=== INFORMATION GIVEN ===
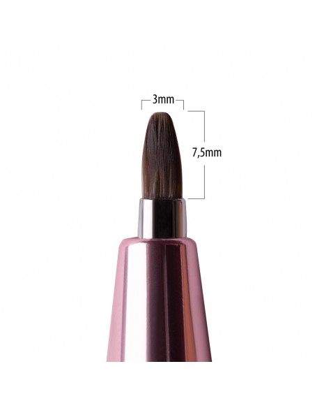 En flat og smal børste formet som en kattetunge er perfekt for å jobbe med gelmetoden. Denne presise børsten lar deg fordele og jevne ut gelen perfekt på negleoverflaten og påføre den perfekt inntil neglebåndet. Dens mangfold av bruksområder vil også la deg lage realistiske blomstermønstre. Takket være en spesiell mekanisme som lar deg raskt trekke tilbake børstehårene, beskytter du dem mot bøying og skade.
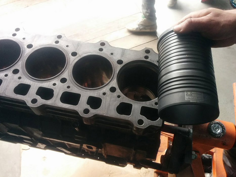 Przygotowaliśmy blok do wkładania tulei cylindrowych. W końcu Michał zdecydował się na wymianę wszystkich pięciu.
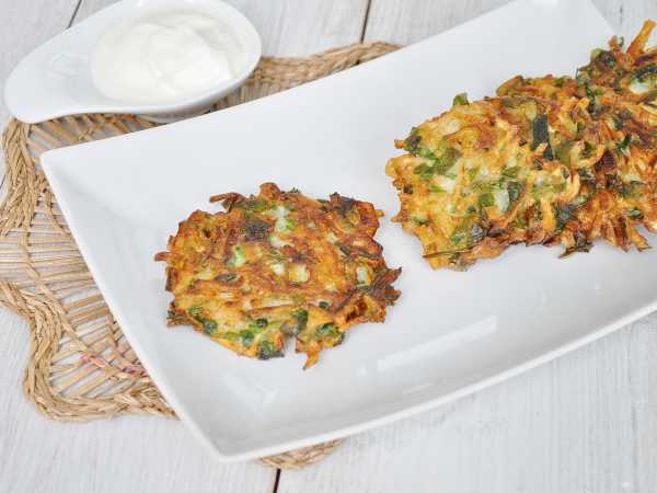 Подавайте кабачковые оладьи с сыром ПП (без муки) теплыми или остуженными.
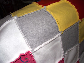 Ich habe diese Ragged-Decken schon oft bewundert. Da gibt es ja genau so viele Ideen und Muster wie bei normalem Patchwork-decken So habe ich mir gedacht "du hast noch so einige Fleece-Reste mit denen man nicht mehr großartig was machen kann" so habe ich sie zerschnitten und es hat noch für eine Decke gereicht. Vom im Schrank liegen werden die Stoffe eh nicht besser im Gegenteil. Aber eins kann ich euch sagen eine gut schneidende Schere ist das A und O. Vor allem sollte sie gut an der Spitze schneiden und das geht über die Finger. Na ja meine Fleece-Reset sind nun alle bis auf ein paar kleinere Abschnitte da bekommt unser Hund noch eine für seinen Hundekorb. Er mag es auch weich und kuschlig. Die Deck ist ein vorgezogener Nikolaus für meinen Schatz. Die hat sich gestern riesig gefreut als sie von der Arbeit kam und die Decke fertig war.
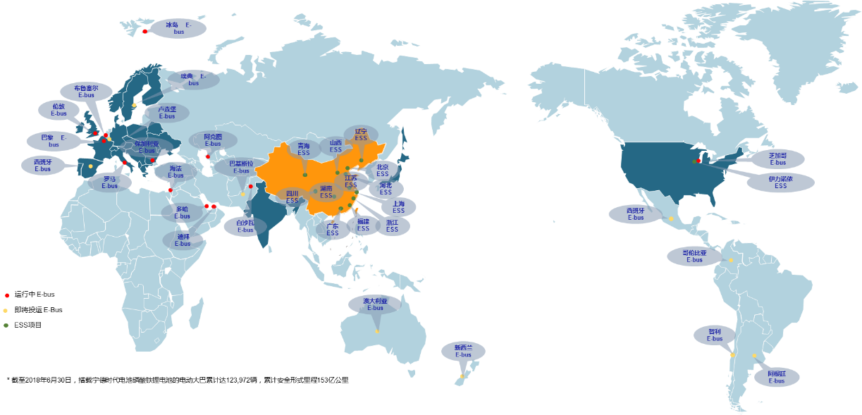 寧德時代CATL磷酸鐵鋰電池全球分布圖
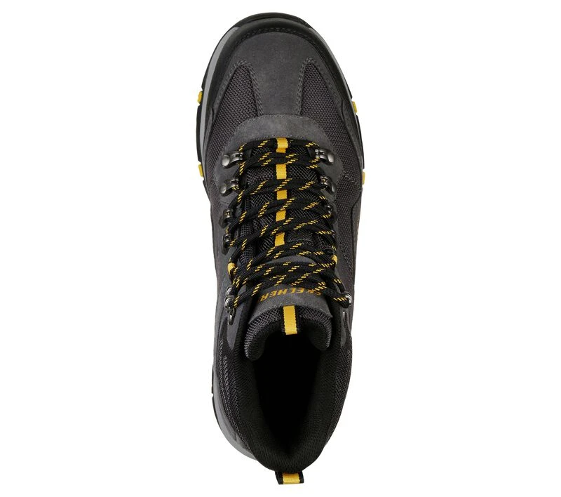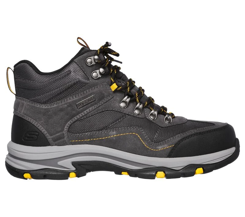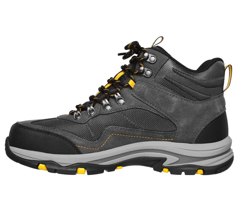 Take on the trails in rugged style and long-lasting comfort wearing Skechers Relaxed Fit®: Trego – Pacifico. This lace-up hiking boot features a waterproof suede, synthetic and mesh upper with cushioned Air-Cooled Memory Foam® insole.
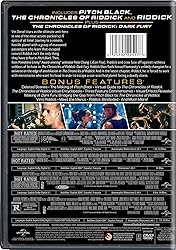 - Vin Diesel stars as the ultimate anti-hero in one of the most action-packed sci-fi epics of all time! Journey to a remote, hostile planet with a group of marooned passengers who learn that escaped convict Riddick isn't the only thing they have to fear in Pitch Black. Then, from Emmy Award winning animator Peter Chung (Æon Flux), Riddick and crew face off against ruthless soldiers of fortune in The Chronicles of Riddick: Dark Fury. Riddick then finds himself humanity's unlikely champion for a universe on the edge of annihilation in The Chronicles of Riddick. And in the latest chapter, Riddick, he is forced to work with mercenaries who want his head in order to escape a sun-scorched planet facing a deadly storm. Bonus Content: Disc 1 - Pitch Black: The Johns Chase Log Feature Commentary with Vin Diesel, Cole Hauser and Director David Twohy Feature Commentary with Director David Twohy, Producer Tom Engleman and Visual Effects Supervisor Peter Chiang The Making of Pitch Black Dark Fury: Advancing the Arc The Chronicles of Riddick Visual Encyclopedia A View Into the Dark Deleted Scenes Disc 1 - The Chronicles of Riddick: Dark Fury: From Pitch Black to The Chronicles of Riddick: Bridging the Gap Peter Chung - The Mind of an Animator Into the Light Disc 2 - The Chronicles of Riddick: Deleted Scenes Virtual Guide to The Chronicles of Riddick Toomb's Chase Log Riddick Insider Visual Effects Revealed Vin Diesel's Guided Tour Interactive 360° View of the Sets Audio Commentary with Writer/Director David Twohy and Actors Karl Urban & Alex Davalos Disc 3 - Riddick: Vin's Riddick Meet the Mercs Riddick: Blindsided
===
* [REQUIREMENT]: Your answer must be an exact transcription of the records above, minus the pictures.

* [RESPONSE]:
 En flat og smal børste formet som en kattetunge er perfekt for å jobbe med gelmetoden. Denne presise børsten lar deg fordele og jevne ut gelen perfekt på negleoverflaten og påføre den perfekt inntil neglebåndet. Dens mangfold av bruksområder vil også la deg lage realistiske blomstermønstre. Takket være en spesiell mekanisme som lar deg raskt trekke tilbake børstehårene, beskytter du dem mot bøying og skade.
 Przygotowaliśmy blok do wkładania tulei cylindrowych. W końcu Michał zdecydował się na wymianę wszystkich pięciu.
 Подавайте кабачковые оладьи с сыром ПП (без муки) теплыми или остуженными.
 Ich habe diese Ragged-Decken schon oft bewundert. Da gibt es ja genau so viele Ideen und Muster wie bei normalem Patchwork-decken So habe ich mir gedacht "du hast noch so einige Fleece-Reste mit denen man nicht mehr großartig was machen kann" so habe ich sie zerschnitten und es hat noch für eine Decke gereicht. Vom im Schrank liegen werden die Stoffe eh nicht besser im Gegenteil. Aber eins kann ich euch sagen eine gut schneidende Schere ist das A und O. Vor allem sollte sie gut an der Spitze schneiden und das geht über die Finger. Na ja meine Fleece-Reset sind nun alle bis auf ein paar kleinere Abschnitte da bekommt unser Hund noch eine für seinen Hundekorb. Er mag es auch weich und kuschlig. Die Deck ist ein vorgezogener Nikolaus für meinen Schatz. Die hat sich gestern riesig gefreut als sie von der Arbeit kam und die Decke fertig war.
 寧德時代CATL磷酸鐵鋰電池全球分布圖
 Take on the trails in rugged style and long-lasting comfort wearing Skechers Relaxed Fit®: Trego – Pacifico. This lace-up hiking boot features a waterproof suede, synthetic and mesh upper with cushioned Air-Cooled Memory Foam® insole.
 - Vin Diesel stars as the ultimate anti-hero in one of the most action-packed sci-fi epics of all time! Journey to a remote, hostile planet with a group of marooned passengers who learn that escaped convict Riddick isn't the only thing they have to fear in Pitch Black. Then, from Emmy Award winning animator Peter Chung (Æon Flux), Riddick and crew face off against ruthless soldiers of fortune in The Chronicles of Riddick: Dark Fury. Riddick then finds himself humanity's unlikely champion for a universe on the edge of annihilation in The Chronicles of Riddick. And in the latest chapter, Riddick, he is forced to work with mercenaries who want his head in order to escape a sun-scorched planet facing a deadly storm. Bonus Content: Disc 1 - Pitch Black: The Johns Chase Log Feature Commentary with Vin Diesel, Cole Hauser and Director David Twohy Feature Commentary with Director David Twohy, Producer Tom Engleman and Visual Effects Supervisor Peter Chiang The Making of Pitch Black Dark Fury: Advancing the Arc The Chronicles of Riddick Visual Encyclopedia A View Into the Dark Deleted Scenes Disc 1 - The Chronicles of Riddick: Dark Fury: From Pitch Black to The Chronicles of Riddick: Bridging the Gap Peter Chung - The Mind of an Animator Into the Light Disc 2 - The Chronicles of Riddick: Deleted Scenes Virtual Guide to The Chronicles of Riddick Toomb's Chase Log Riddick Insider Visual Effects Revealed Vin Diesel's Guided Tour Interactive 360° View of the Sets Audio Commentary with Writer/Director David Twohy and Actors Karl Urban & Alex Davalos Disc 3 - Riddick: Vin's Riddick Meet the Mercs Riddick: Blindsided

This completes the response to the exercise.